Bild: „Ja, das ist misogyn“: Feiernde im Londoner Stadtteil Brixton.
taz: 74 Jahre später feiern die Briten den Tod ihrer langjährigen
Premierministerin mit „Ding-Dong! The Witch Is Dead“. Was ist da los?
Jon Savage: Als ich von ihrem Tod hörte, habe ich tatsächlich überlegt, ob
ich das Lied nicht meinen Freunden schicken sollte. Das zeigt, wie diese
Frau polarisiert hat, entweder man liebte sie, oder man hasste sie.
Woher kommt dieser persönliche Hass, der Furor?
Sie hat das Land gespalten, man wünscht ja niemandem den Tod, aber sie war
so eine undurchsichtige Domina, eine viktorianische Figur. Wenn du in den
Achtzigern so warst wie wir, dann warst du der innere Feind. Ich bin
politisch nicht einverstanden mit Cameron, aber ich verabscheue ihn nicht,
Thatcher schon.
Ronald Reagan nannte Thatcher „Englands besten Mann“. Wäre einem Mann für
die selbe Politik ebenso viel Hass entgegengeschlagen?

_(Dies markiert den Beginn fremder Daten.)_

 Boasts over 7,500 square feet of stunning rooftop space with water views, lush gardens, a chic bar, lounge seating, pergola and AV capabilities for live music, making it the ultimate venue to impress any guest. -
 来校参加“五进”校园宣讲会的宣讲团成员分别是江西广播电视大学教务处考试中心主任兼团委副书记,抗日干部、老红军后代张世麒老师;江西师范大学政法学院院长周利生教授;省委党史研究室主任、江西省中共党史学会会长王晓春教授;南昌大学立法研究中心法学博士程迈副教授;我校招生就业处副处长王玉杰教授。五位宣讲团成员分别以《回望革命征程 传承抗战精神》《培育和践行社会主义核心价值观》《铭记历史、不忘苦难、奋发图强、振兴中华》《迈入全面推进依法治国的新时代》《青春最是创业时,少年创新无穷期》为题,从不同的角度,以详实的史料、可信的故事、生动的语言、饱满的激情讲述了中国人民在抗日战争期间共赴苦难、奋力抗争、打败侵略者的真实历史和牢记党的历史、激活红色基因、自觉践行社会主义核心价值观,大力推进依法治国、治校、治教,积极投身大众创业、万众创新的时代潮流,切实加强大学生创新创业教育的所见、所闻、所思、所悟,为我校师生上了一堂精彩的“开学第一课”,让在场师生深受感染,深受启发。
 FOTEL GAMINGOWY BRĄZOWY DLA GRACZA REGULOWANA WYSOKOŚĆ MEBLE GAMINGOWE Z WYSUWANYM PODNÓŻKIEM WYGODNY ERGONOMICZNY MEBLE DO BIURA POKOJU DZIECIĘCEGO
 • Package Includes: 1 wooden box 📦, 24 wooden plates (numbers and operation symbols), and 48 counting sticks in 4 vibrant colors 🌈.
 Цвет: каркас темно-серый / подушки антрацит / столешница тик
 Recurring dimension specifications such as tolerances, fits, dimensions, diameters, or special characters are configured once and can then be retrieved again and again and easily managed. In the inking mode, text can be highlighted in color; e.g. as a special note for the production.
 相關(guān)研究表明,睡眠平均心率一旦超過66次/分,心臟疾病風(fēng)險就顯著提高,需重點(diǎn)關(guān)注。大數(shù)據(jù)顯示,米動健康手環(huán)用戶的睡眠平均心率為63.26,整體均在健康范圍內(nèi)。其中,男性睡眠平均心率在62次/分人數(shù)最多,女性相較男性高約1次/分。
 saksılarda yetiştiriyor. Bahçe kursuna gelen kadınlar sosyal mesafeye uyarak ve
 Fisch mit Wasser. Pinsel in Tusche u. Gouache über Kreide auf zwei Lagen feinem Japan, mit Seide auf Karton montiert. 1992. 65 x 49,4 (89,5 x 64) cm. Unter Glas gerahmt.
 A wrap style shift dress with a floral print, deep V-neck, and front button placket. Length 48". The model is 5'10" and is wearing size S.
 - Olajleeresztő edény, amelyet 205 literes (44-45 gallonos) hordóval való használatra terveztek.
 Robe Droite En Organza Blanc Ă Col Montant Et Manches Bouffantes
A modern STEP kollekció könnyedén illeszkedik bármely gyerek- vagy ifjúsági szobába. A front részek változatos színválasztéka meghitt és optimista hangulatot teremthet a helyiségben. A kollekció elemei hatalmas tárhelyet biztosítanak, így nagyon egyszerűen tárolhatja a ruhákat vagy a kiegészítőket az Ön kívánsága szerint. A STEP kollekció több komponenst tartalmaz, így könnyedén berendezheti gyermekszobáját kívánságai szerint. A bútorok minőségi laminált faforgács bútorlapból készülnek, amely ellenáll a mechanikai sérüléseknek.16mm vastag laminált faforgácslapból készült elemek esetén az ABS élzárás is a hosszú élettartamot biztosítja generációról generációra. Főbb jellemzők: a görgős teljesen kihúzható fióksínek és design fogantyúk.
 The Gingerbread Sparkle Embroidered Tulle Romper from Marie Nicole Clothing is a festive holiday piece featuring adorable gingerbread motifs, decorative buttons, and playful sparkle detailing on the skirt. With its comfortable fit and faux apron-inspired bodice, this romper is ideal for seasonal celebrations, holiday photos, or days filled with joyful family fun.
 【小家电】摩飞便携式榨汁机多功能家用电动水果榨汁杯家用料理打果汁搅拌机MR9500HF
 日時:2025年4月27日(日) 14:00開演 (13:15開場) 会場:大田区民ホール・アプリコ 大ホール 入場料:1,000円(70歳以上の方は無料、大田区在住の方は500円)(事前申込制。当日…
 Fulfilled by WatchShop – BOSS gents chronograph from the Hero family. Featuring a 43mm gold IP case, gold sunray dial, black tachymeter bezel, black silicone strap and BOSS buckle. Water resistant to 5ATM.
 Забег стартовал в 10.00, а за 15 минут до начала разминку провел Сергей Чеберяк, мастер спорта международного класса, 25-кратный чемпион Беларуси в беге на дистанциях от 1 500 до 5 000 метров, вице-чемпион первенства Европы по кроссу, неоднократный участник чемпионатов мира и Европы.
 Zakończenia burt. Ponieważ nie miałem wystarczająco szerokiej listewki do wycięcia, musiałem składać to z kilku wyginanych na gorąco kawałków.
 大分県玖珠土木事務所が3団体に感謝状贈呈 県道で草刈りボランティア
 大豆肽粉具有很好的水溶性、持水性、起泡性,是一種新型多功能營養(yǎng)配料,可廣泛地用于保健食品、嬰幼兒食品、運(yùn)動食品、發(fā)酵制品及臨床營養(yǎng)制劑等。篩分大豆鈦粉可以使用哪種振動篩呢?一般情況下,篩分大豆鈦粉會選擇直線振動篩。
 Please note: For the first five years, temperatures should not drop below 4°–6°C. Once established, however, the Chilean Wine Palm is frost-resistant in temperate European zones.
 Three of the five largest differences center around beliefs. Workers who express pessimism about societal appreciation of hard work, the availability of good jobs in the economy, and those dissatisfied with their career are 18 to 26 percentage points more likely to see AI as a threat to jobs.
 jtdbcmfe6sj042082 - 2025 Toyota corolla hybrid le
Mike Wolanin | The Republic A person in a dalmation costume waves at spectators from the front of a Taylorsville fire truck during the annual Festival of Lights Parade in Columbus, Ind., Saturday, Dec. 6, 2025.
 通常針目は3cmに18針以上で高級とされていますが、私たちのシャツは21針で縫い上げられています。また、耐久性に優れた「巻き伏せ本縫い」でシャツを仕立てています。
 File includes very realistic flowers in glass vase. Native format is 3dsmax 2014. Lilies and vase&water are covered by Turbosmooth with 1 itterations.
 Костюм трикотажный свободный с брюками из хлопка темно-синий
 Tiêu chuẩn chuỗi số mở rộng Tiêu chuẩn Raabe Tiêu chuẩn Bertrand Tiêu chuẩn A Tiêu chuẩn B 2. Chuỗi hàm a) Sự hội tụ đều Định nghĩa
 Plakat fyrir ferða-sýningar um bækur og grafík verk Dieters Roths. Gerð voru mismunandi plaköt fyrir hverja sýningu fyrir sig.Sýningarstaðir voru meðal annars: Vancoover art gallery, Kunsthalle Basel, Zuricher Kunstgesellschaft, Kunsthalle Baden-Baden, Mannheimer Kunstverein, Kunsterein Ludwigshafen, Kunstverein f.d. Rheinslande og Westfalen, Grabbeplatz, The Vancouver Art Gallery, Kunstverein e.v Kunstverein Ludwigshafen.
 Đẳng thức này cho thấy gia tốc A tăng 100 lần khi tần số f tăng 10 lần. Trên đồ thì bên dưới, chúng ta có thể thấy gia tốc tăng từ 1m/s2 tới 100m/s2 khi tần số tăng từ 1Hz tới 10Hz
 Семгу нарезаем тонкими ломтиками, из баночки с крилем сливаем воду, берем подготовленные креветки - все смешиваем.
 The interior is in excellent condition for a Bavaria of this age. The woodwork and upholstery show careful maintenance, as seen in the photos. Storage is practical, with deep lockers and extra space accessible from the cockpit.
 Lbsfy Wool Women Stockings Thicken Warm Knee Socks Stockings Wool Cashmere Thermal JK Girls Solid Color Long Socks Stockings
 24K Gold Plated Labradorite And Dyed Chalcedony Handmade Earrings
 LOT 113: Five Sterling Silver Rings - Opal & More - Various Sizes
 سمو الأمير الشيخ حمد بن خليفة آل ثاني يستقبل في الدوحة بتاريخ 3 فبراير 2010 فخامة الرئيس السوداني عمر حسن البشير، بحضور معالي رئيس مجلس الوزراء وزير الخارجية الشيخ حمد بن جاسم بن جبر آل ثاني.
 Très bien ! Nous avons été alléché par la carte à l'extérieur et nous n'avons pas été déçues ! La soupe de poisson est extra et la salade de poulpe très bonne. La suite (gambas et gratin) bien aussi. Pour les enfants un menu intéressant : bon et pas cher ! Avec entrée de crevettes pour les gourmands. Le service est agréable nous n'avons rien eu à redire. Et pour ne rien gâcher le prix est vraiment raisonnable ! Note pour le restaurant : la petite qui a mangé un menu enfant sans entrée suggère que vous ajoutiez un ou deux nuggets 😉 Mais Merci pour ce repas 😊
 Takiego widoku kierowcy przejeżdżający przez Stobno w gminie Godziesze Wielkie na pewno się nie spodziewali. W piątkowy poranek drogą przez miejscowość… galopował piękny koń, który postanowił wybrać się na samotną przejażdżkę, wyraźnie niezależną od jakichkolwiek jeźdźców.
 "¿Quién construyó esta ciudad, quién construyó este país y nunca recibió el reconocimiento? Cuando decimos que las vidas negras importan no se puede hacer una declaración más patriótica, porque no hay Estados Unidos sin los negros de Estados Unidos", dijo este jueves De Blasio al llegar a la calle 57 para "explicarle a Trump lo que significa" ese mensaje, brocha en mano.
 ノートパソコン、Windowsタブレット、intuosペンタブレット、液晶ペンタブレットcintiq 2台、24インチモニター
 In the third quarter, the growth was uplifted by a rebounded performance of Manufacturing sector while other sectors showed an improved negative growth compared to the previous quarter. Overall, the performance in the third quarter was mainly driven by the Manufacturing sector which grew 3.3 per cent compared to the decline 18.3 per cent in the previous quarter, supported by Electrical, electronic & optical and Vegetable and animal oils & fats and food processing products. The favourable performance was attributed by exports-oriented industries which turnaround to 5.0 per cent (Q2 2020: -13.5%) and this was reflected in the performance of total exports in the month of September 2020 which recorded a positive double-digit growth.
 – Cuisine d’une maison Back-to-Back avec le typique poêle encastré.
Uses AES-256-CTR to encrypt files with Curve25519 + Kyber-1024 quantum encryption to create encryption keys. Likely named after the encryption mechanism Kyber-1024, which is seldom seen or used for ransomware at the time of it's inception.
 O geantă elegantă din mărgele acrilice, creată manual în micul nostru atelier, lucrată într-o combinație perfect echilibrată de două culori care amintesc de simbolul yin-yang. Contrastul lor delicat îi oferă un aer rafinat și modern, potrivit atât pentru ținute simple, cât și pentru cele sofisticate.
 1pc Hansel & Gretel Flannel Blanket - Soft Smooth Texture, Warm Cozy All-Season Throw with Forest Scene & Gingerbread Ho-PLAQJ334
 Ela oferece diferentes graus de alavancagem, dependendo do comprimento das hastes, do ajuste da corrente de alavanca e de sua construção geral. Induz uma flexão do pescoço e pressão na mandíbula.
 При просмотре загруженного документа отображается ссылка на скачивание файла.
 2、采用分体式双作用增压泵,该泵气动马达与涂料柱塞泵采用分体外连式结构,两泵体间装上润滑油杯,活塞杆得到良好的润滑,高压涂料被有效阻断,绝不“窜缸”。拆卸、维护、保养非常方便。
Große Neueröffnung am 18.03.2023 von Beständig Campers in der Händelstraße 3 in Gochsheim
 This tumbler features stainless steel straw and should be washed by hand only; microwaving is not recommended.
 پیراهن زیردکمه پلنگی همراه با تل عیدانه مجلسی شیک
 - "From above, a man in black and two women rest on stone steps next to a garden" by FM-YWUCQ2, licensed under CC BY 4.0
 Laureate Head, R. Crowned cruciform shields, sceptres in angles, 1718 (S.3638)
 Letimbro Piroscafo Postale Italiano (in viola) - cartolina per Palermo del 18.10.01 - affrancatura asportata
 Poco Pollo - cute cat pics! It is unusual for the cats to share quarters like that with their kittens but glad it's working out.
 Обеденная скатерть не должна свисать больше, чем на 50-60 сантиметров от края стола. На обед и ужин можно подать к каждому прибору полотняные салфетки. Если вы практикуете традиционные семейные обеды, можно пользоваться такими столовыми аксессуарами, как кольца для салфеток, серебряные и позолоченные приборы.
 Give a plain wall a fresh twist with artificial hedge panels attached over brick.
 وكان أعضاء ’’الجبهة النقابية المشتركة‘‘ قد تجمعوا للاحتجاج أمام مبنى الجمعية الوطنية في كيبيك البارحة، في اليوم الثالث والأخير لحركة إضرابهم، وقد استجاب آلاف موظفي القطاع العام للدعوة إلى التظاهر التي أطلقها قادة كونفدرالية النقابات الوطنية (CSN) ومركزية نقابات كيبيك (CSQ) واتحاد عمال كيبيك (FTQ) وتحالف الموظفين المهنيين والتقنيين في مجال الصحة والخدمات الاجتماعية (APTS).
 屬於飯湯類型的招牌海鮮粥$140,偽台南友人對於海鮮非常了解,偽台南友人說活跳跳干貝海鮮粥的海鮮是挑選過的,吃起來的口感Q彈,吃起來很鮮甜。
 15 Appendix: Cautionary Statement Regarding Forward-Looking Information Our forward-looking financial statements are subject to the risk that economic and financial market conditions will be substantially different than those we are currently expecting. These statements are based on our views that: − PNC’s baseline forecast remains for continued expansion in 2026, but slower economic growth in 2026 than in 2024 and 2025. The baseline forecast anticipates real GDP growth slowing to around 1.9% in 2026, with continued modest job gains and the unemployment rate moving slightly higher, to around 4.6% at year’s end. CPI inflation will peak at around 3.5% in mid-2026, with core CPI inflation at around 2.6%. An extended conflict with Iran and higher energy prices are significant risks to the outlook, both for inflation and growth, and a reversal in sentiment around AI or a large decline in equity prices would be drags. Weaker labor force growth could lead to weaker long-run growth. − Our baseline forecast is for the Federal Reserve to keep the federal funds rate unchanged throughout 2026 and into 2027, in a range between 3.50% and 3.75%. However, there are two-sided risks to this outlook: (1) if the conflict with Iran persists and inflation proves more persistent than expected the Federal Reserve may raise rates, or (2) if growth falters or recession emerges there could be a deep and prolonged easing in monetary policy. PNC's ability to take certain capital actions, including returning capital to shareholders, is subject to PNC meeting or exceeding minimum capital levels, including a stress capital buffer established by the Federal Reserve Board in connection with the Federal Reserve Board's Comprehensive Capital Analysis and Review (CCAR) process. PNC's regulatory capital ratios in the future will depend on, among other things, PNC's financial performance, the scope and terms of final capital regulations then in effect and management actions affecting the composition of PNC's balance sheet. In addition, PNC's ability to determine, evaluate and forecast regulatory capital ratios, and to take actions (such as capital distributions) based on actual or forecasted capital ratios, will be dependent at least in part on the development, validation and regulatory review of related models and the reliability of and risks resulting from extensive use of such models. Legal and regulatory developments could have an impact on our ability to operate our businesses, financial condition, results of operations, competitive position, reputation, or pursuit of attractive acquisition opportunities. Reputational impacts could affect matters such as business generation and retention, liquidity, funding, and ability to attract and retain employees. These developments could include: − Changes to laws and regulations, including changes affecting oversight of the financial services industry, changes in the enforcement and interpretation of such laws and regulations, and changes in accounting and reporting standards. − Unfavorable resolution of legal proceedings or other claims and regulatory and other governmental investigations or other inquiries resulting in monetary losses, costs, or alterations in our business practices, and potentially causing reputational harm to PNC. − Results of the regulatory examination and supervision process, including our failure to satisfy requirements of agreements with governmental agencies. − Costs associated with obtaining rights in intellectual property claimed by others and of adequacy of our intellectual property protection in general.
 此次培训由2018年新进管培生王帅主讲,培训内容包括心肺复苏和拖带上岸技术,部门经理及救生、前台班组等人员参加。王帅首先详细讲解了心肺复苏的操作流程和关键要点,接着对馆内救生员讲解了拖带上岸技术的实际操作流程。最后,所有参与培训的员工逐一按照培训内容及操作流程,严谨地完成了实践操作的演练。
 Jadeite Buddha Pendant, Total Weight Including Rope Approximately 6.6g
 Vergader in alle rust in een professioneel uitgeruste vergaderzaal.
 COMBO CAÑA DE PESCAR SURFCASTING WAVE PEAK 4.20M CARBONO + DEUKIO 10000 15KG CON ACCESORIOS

Weil sie eine Frau war, musste sie das Machotum der Männer überbieten –
„She had to outmacho the men.“ Ich glaube nicht, dass der Hass misogyne
Motive hat, sie wurde gehasst, als die Frau, die sie nun mal war, als
Schuldirektorin, als rechthaberische Matrone. Und dieses Gerede von
Feminismus, sie ist doch keine Feministin, sie hat nichts getan für Frauen.
Aber hat das nicht misogyne Züge, wenn jetzt der Tod der witch gefeiert
wird – oder der bitch?
Ich sage sowas nicht. Ja, das ist misogyn. Aber wenn du es vergleichst, mit
dem was Thatcher angerichtet hat, dann ist es eine Petitesse. Ich würde das
ernster nehmen, wenn sie wirklich Feministin gewesen wäre. Eigentlich denke
ich bei Mrs.Thatcher gar nicht an eine Frau, weil sie sich in einen Macho
verwandeln musste, um zu tun, was sie getan hat. Ein Symptom ihrer Zeit,
aber auch ihrer selbst.
Die Premierministerin war gelernte Chemikerin, die deutsche Bundeskanzlerin
war Physikerin. Wird Angela Merkel in England mit Thatcher verglichen?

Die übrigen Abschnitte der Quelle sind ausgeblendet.